ОСВОБОЖДЕНИЕ

Он вошел и встал у двери, мешая всем. Не обартить на него внимания было трудно. Все как-то подрасступились. Последнее объяснялось, уж конечно, не его блуждающим взглядом и внешностью, которая никоим образом не была выдающейся. Не считая того, что у него была одна рука. Ущербность такого рода - единственное, что еще производит впечатление на нашу публику.

Итак, он был замечен. Ему лет сорок. На нем коричневый просторний пиджак, правый рукав - пустой, заправлен в каран. Лицо - какое-то болезненное и, я бы выразился, потерянное, но никто бы не обратил на него внимания, будь он в остальном как все. Поведение его было, мягко говоря, экстравагантным.

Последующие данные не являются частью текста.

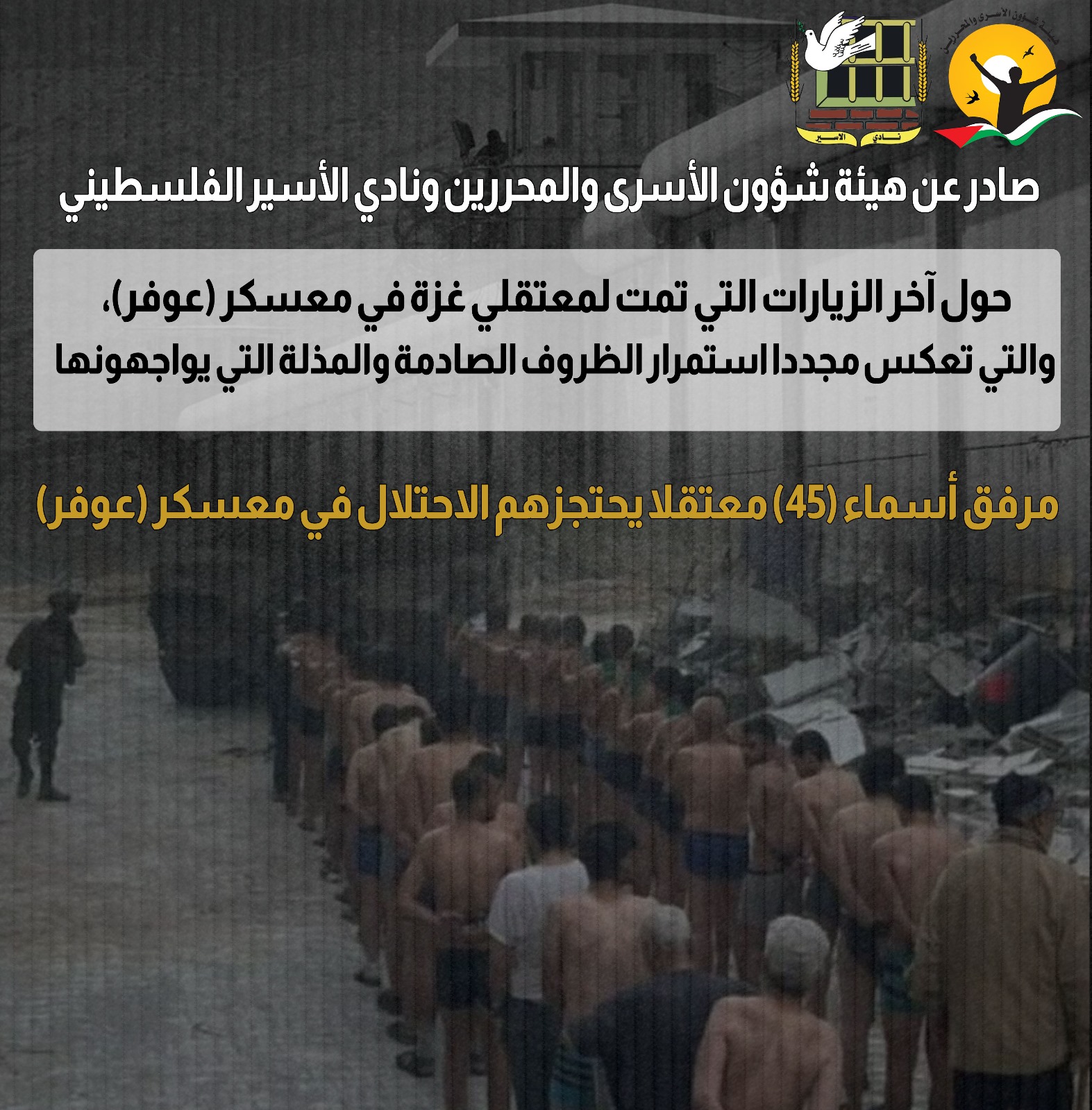 🔴 صادر عن هيئة شؤون الأسرى والمحررين ونادي الأسير الفلسطيني حول آخر الزيارات التي تمت لمعتقلي غزة في معسكر (عوفر)، والتي تعكس مجددا استمرار الظروف الصادمة والمذلّة التي يواجهونها المزيد من التفاصيل

Я же уделил ему слишком много внимания, о чем сильно пожалел после. На одной их остановок, когда вошедшие только слегка утрамбовались, вместо "осторожно, двери закрываются" раздался его выкрик: во все легкие он гаркнул, вернее рявкнул короткое "ВОНЬ!" и тут же разгладил лицо и даже изобразил некоторое удивление - как будто он не имеет к этому никакого отношения. Большинство так и не поняло, кто кричал, а уж что - думаю не разобрал никто. Но я видел и слышал все совершенно отчетливо и то, что я понял правильно, он (а я, надо сказать, уставился на него как баран) подтвердил, немедленно мне подмигнув. Я отвел глаза. Больше в его сторону я не смотрел, чтобы не дать подвод думать, будто я заинтересован в каком бы то ни было контакте. Я читал книгу.

Я заметил, что люди нигде так не замыкаются в себе, как в толпе. В метро это проявляется особенно наглядно. Так как смотреть больше некуда, люди смотрят насквозь, не видя. Это требует усилий. Поэтому читающих в транспорте не любят. Но на этот раз меня толкнули под локоть так, что я чуть не выронил детектив. Это был он.

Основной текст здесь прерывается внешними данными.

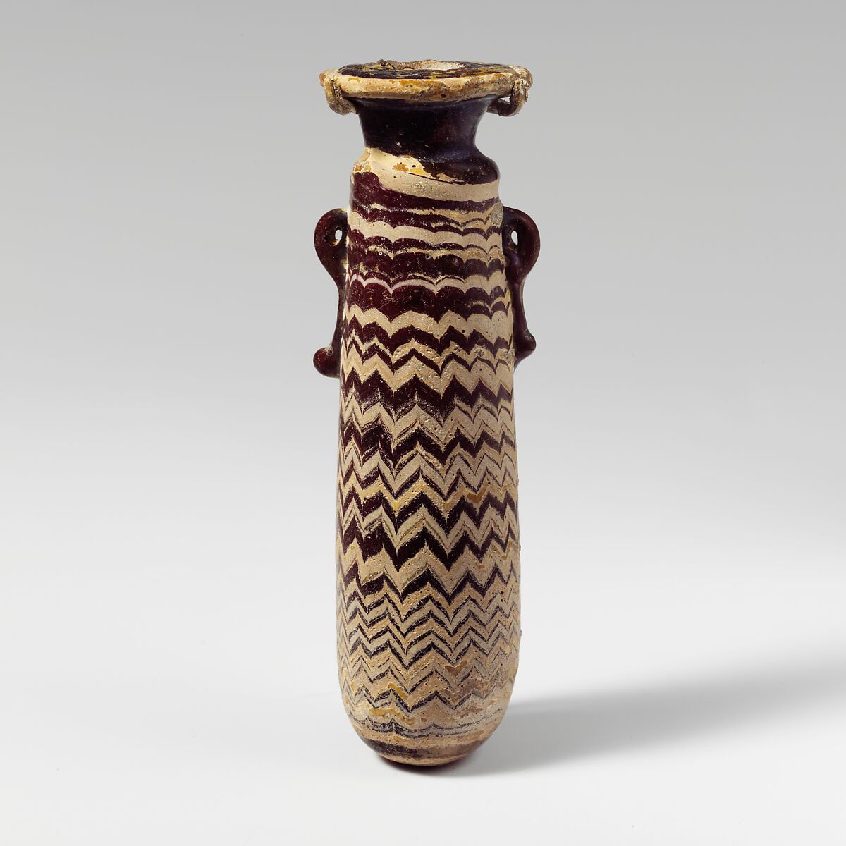 Uneven horizontal rim-disk, with radiating tooling marks on upper surface and rough edge to mouth; off-center cylindrical neck, tapering downwards; narrow rounded shoulder; slightly convex sides to cylindrical body, tapering upwards; convex bottom; two large vertical ring handles with knobbed tails, applied over trail decoration; one tail longer than the other.
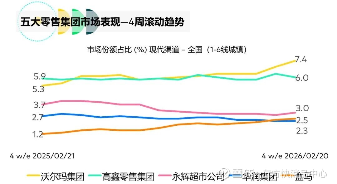 截至2026年2月20日的4周滚动数据显示,沃尔玛集团以7.4%的市场份额位居五大零售集团首位,较2025年同期(5.3%)实现大幅提升;大润发母公司高鑫零售集团(06808.HK)以6.0%的份额紧随其后,与2025年同期基本持平。其余三大集团中,永辉超市(601933.SH)和华润集团都有所回落;盒马份额2.3%,较2025年同期实现近翻倍增长,成为五大集团中增速最显著的主体。
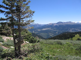 The starting elevation at Coal Bank Pass is about 10,660 feet and it is 2.5 miles and about 1000 feet of elevation gain to a trail junction with the Engineer Mountain Trail. The lower part of the trail climbs through spruce and fir forest and there is a small lake about 1 mile along the way. The trail emerges from the forest into meadow areas with the first view of the pyramid shaped Engineer Mountain at 12,613 feet.

Я предпочел сделать вид, что его внешность мне ни о чем не говрит и, следовательно, нет причин искать общения даже подобным обаразом. Я отнесся философски к немотивированной ненависти ко мне неполноценного человека, когда он зашипел мне в ухо:" сссука, смотри сссюда"; запах перегара, впрочем, был не так силен, как можно было ожидать. Я проигнорировал его непонятное пожелание. И почувствовал, как он всем весом наступил мне на ногу, придавив каблуком пальцы. Я издал звук, походий, должно быть, на тихое мычание и посмотрел ему в глаза. Лицевые мышцы то и дело вздрагивали, но в глазах я увидел абсолютно неподвижное бешенство. Это не были просто глаза сумасшедшего. "Смотри сюда, я говорю, мразь" - повторил он, не разжимая губ, и я, сам себе удивляясь, подчинился. "Куда?" - прошептал я.

Он показал глазами. Я придвинулся вплотную к его лицу. Мне предлагалось заглянуть под пиджак, туда, где была культя. Но ее не было. Я обнаружил там вполне здоровую, очевидно, руку, согнутую в локте и сжимающую рукоять какого-то короткоствольного пистолета. Дуло смотрело мне точно в правый глаз. "Видишь?" - спросил он. "Да" - ответил я. Наш разговор был слышен только нам двоим. "Не шевелись" - сказал он. Но я и так был абсолютно неподвижен. Чего уж там, я был, как говориться, порализован страхом.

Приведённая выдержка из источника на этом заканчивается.